Penggunaan Hak Veto oleh Rusia dan Cina terhadap Kasus Suriah

(written by : Wibisana, Meilinda, Talitha, Mirra, and Ardhani)

Konflik Suriah adalah perluasan dari konflik-konflik seragam yang sedang terjadi di timur tengah atau biasa kita ketahui sebagai Arab Spring. Protes diawali dengan pembakaran diri seorang penduduk suriah yaitu Hasan Ali Akleh pada tanggal 26 Januari 2011 yang terinspirasi dari kasus pembakaran diri Mohammed Bouazizi di Tunisia yang juga pada akhirnya memulai revolusi yang sama di Tunisia. Menyusul aksi bakar diri itu, diadakanlah demonstrasi di malam hari bertempat di Al-Raqqah pada tanggal 28 Januari 2011. Demonstrasi ini juga merupakan respon bagi kematian 2 tentara keturunan Kurdish pada tanggal 12 Januari 2011. Pembunuhan 2 anggota People’s Confederation of Western Kurdista – KCK ini lalu melecutkan ide “a day of rage” yang disebar-luaskan melalui media sosial seperti Facebook dan Twitter. Memang ide ini mendapat respon dengan diadakannya aksi demo di Al-Hasakah yang menuntut penghentian Rezim Al-Assad. Namun aksi demo ini dibubarkan oleh tentara suriah dan mengakibatkan ditahannya beberapa demonstran.

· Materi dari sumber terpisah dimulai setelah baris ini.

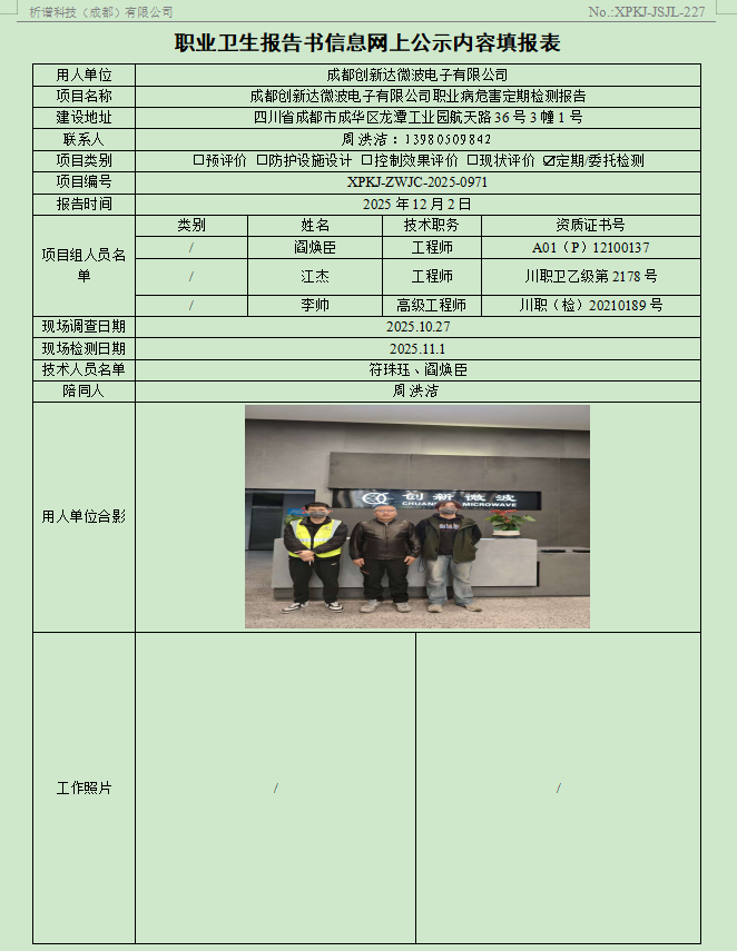 成都创新达微波电子有限公司职业病危害因素定期检测

Aksi-aksi demo-pun mulai bermunculan di suriah, rakyat suriah mulai menyuarakan tuntutannya untuk menghentikan rezim Bashar Al-Assad. Pada 6 Maret 2011, majalah Time menyarankan secara implisit untuk eskalasi gerakan revolusi dalam artikelnya yang berjudul “The Youth of Syria : The Rebels Are on Pause”.[1] Pada 25 Maret 2011, sekitar 100.000 orang berpawai di kota Daraa, dan 20 orang demonstran terbunuh pada pawai itu.  Bentrokan antara demonstran dan tentara Suriah pun semakin sering terjadi. Pemerintah Suriah pun tak segan untuk menggunakan senjata api bahkan tank untuk merepresi rakyat dan membungkam gerakan protes tersebut. Aksi represi ini dulu merupakan cara yang efektif untuk membungkam rakyat Suriah. Namun kini hal ini hanya memicu terjadinya demonstrasi-demonstrasi lain yang lebih dahsyat. Pemerintahan Suriah mulai jatuh ditangan rakyatnya.

Aksi protes ini menuntut penghentian Rezim Bashar Al-Assad yang dianggap sebagai diktator, diterapkannnya sistem multipartai, dan juga kebebasan yang lebih bagi rakyat, dan juga pemberhentian undang-undang darurat yang telah diterapkan sejak 1963. Meski telah dilakukan upaya-upaya reformasi oleh Bashar Al-Assad, namun itu dianggap tidak cukup dan terlambat. Kini rakyat Suriah hanya menginginkan penggulungan rezim Bashar Al-Assad dan pengangkatan pemerintah yang sama sekali baru berdasarkan pemilu yang demokratis.

Menanggapi hal ini, masyarakat internasional, khususnya PBB, tidak tinggal diam. Mereka memberikan respons tanggap terhadap konflik internal yang terjadi di Suriah. Tindakan Presiden Suriah Bashar al-Assad menyerang oposisinya dianggap sebagai kejahatan yang harus dihentikan. Dewan keamanan mengecam tindakan tersebut berulang kali dan menghimbau al-Assad untuk menghentikan serangan pada rakyat pro-demokrasi.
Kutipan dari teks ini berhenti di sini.